A lost hiker is found wandering in Joshua Tree National Park

A lost hiker is found wandering in Joshua Tree National Park. He reports that he was lost for two days; he spent most of his time sitting in the shade. He had only two liters of water when he departed his campsite 48 hours previous to being found. He lost about 4 liters of water per day due to evaporative water loss (respiration and sweat) but drank only two liters of water.
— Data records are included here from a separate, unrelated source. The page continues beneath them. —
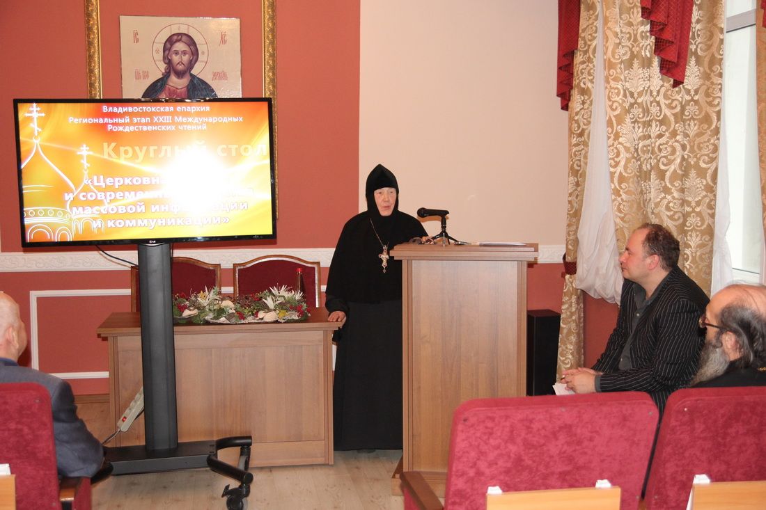 Викарий Владивостокской епархии епископ Уссурийский Иннокентий вручил руководителю Информационно-издательского отдела Владивостокской епархии Сергею Константиновичу Карабанову, автору и режиссеру фильма, Благодарственное письмо от имени митрополита Вениамина. Закончилась встреча рассказом настоятельницы Марфо-Мариинского женского монастыря на Седанке игумении Марии (Пономаревой) о своём дедушке, расстрелянном в 37-м. Матушка Мария прочитала свои стихи, посвящённые этому страшному времени.
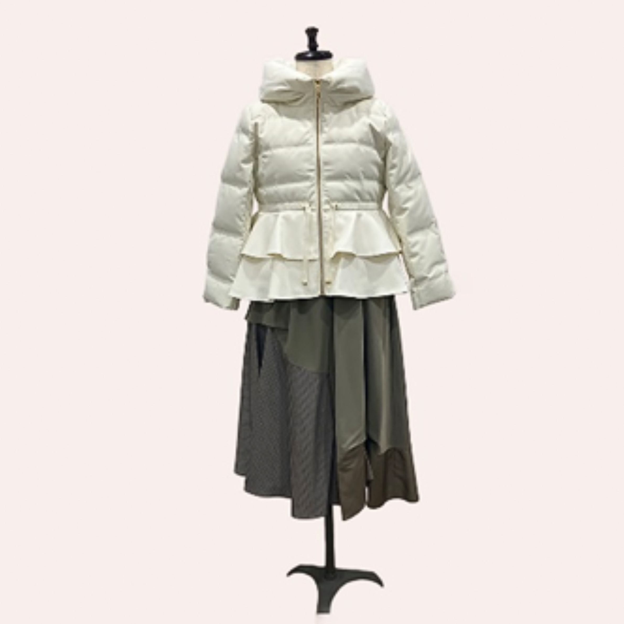 トレンドのペプラムデザインが女性らしいダウンジャケット。ふんわり衿が顔周りを華やかにしつつ小顔効果も期待できます。着ぶくれしないスッキリしたシルエットで、
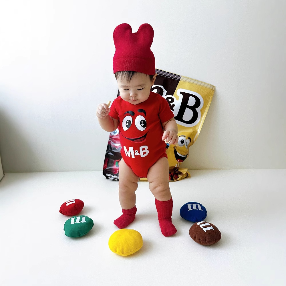 25夏の韓国版ベビーハットスーツinsのチョコレート豆の形の赤ちゃんは半袖のワンピースを着ます。
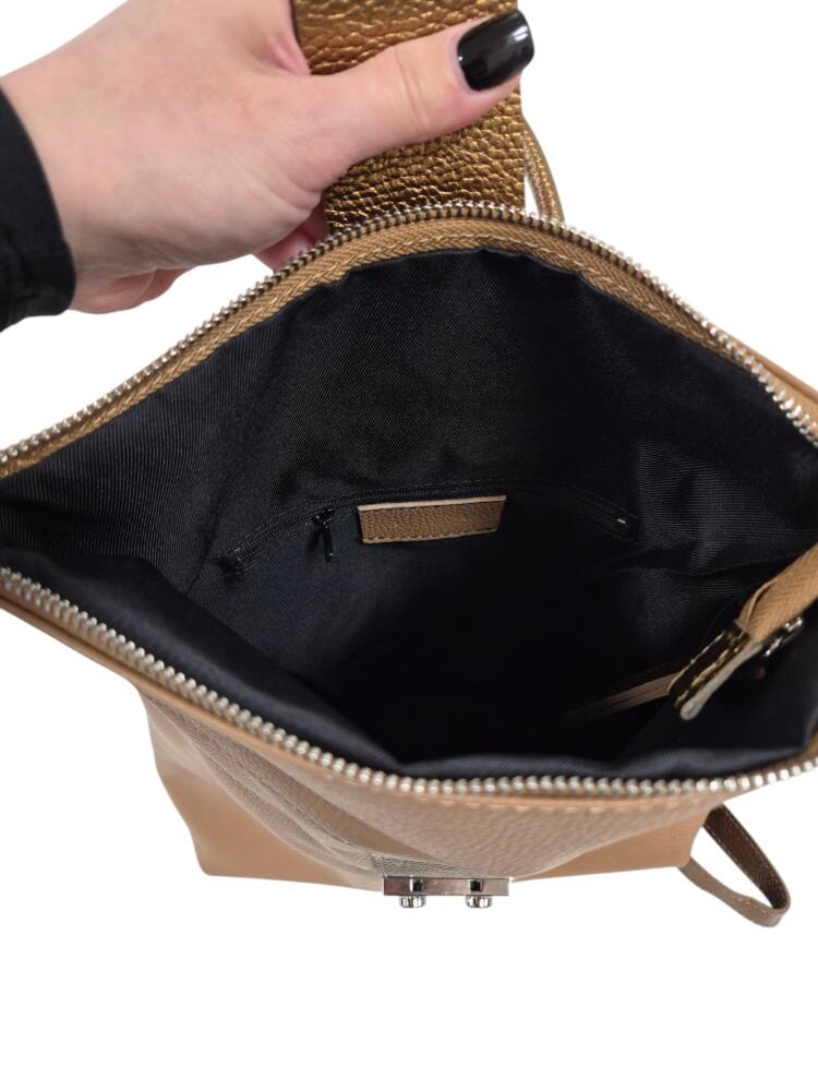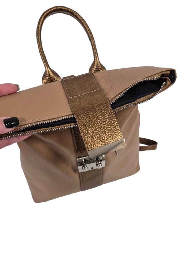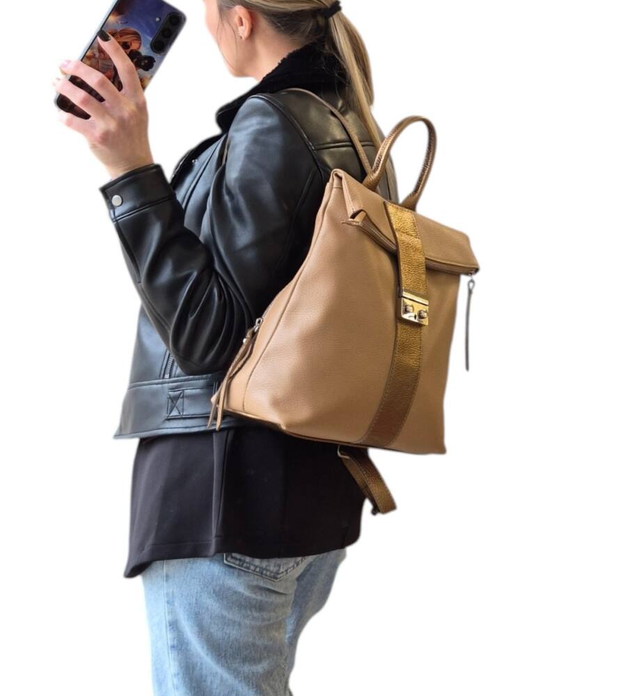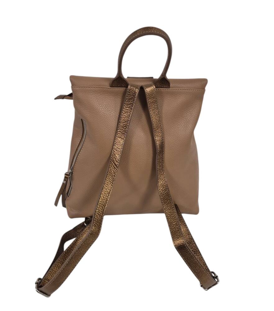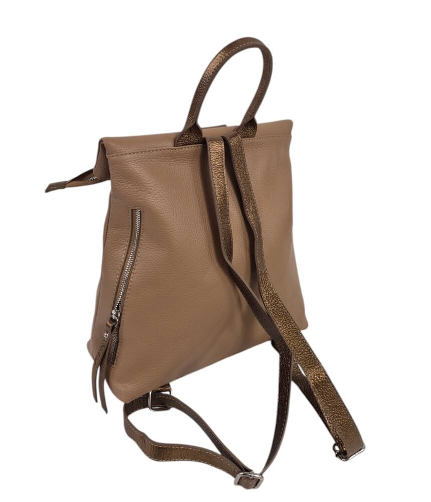 Športovo elegantný dámsky ruksak v hnedej + bronzovej farbe so strieborným kovaním. Vhodný na každodenné nosenie, do práce, školy, či na výlety. Bezpečnostné zapínanie na cvoky plus hlavný zips. Veľkosť A4 formát. Garancia kvality. Made in ITALIA.

Calculate the water loss and its effect on average osmolality of body fluids. (Assume your patient has a total body volume of 42L, an ECF volume of 14L and a plasma volume of 3L. Further assume average osmolality of 300 mOsm; the loss of water was distributed among all fluid compartments.)

Calculate the change in fluid osmolality if the hiker had not taken water with him and had lost 4L per day while siting in the shade

I do not understand how to solve this problem. Can someone explain the steps???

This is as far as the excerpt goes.